- **INFORMATION SUPPLIED**:
↓

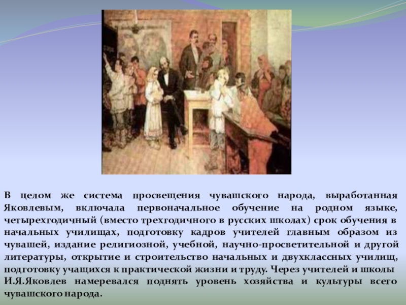 Слайд 14В целом же система просвещения чувашского народа, выработанная Яковлевым, включала первоначальное
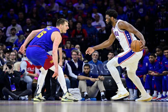 赛后,恩比德拥抱约基奇,联盟两大中锋有说有笑相互致意。
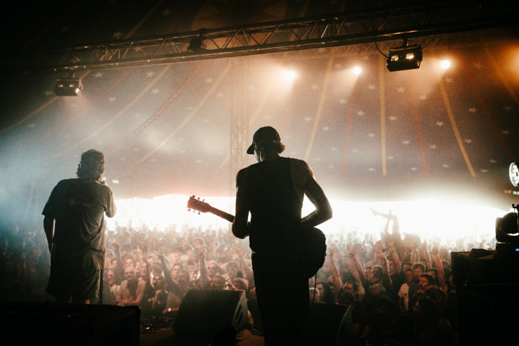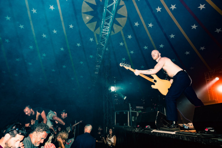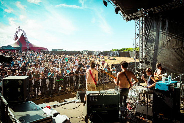 Il est 22h40, les personnes présentes sur le site sont désormais à température idéale pour encaisser le choc post punk made in Great Britain du groupe Beige Banquet, qui se produit sous un chapiteau rapidement en état d'ébullition. Il faut dire que ces mecs ne sont pas là pour faire de la figuration, ils ont pour projet de bombarder la foule de hits post punk truffés de chant hystérique, de riff anguleux, de lignes de basse énormes et de... cloche ("cowbell" in english). C'est du très lourd, du super violent, du brutal comme on aime.

↑

- **EXERCISE BRIEF**: With pictures omitted, copy exactly the lines from the one containing "赛后,恩比德拥抱约基奇,联盟两大中锋有说有笑相互致意。" through the final line of the listing, both included.

- **ANSWER BOX**:
 赛后,恩比德拥抱约基奇,联盟两大中锋有说有笑相互致意。
 Il est 22h40, les personnes présentes sur le site sont désormais à température idéale pour encaisser le choc post punk made in Great Britain du groupe Beige Banquet, qui se produit sous un chapiteau rapidement en état d'ébullition. Il faut dire que ces mecs ne sont pas là pour faire de la figuration, ils ont pour projet de bombarder la foule de hits post punk truffés de chant hystérique, de riff anguleux, de lignes de basse énormes et de... cloche ("cowbell" in english). C'est du très lourd, du super violent, du brutal comme on aime.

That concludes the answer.